Direktur Jenderal Pajak Suryo Utomo dan Direktur Penegakan Hukum Direktorat Jenderal Pajak (DJP) Eka Sila Kusna Jaya menjadi narasumber dalam kegiatan Third Legal Forum yang diselenggarakan oleh Pusat Pelaporan dan Analisis Transaksi Keuangan (PPATK) di Gedung PPATK Jakarta (Kamis, 31/03).

 Kegiatan tersebut mengangkat tema “Menyambut Pemberlakuan Pajak Karbon (Carbon Tax) Mewujudkan Green Economy Berintegritas melalui Upaya Disrupsi Pencucian Uang pada Pajak Karbon.”

Dalam kegiatan tersebut, Suryo Utomo dan Eka Sila Kusna Jaya menyampaikan materi terkait pengenaan pajak karbon dan risiko delik pidana terkait kewajiban pajak karbon. Berdasarkan Pasal 13 ayat (14) Undang-Undang Nomor 7 Tahun 2021 tentang Harmonisasi Peraturan Perpajakan, pajak karbon dikenakan atas aktivitas yang menghasilkan emisi karbon dan pembelian barang yang mengandung karbon.

Subyek pajak karbon yaitu orang pribadi atau badan yang menghasilkan emisi karbon dan/atau orang pribadi atau badan yang melakukan pembelian barang yang mengandung karbon. Orang pribadi atau badan yang melakukan aktivitas yang menghasilkan emisi karbon wajib melaporkan usahanya pada Kantor Pelayanan Pajak (KPP) untuk ditetapkan sebagai wajib pajak yang mempunyai kewajiban menghitung, membayar, dan/atau melaporkan pajak karbon.

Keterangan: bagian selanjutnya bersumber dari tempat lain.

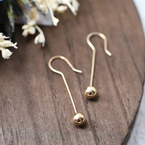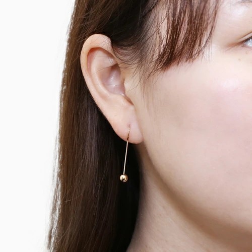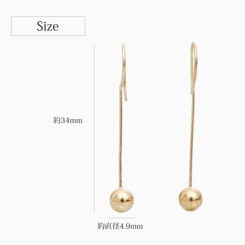 キャッチが無くてもしっかり固定される 10金のシンプルボールモチーフが大人可愛いピアス! 肌馴染みの良いゴールドで素肌まで綺麗に魅せてくれ、着けるだけで華やかさがUPします。 スタイリッシュなシルエットが上品なフック式スティックボールは、 どんなスタイルやシーンにも合わせやすく、普段づかいのジュエリーとしても大活躍すること間違い無し! 地金オンリーの可愛いピアスは、流行や年齢に関係なく、きっと長く、大事にお使い頂けます。 他のピアスとの重ね着けにもちょうど良く、アクセサリーのおしゃれの幅も広がります。 女性に人気のデザインピアスはプレゼントにもおススメです。
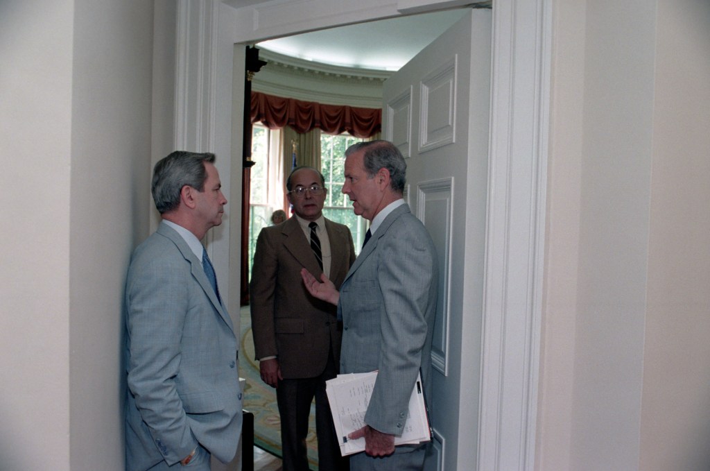 President Reagan meets with several members of his “California kitchen cabinet.”

Wajib pajak yang melakukan aktivitas yang menghasilkan emisi karbon dikenakan pajak karbon atas emisi karbon yang dihasilkan selama satu tahun pajak dan dihitung dengan cara mengalikan tarif pajak karbon dengan dasar pengenaan pajak karbon. Wajib pajak yang menghasilkan emisi karbon wajib melaporkan aktivitas yang menghasilkan emisi karbon untuk setiap unit penghasil emisi dalam satu SPT Tahunan pajak karbon yang meliputi seluruh unit penghasil emisi. Sedangkan pajak karbon atas pembelian barang yang mengandung karbon di dalam negeri terutang dan dipungut serta disetor oleh pemungut pajak karbon di tempat dilakukannya penjualan barang yang mengandung karbon. Pemungut pajak karbon ditetapkan oleh Direktur Jenderal Pajak. Pemungut pajak karbon wajib melaporkan SPT Masa pajak karbon pada KPP tempat pemungut pajak karbon terdaftar.

Pelaksanaan kewajiban pajak karbon juga tidak lepas dari risiko delik pidana yaitu:

  1. Sengaja tidak menyampaikan SPT pajak dan/atau SPT pajak karbon,
  2. Sengaja menyampaikan SPT pajak dan/atau SPT pajak karbon yang isinya tidak benar/tidak lengkap, dan/atau
  3. Sengaja tidak menyetorkan pajak dan/atau pajak karbon yang telah dipungut.

Potensi tindak pidana pencucian uang (TPPU) dapat timbul dari hasil tindak pidana atas pajak karbon yang disamarkan atau disembunyikan.

Menghadapi hal tersebut, DJP telah memiliki kesiapan antara lain:

  1. DJP memiliki pengalaman dalam melakukan penyidikan TPPU. Selama lima tahun terakhir, DJP telah/sedang melakukan penyidikan TPPU terhadap 19 tersangka.
  2. DJP telah membentuk satgas asistensi penanganan TPPU yang terdiri dari DJP, PPATK, Kejaksaan Agung, dan Bareskrim Polri berdasarkan Keputusan Menteri Keuangan, dan
  3. DJP telah dan akan terus melakukan workshop penelusuran aset dan asset recovery dengan narasumber dari Bareskrim Polri, PPATK, ILAP, dan praktisi asset recovery.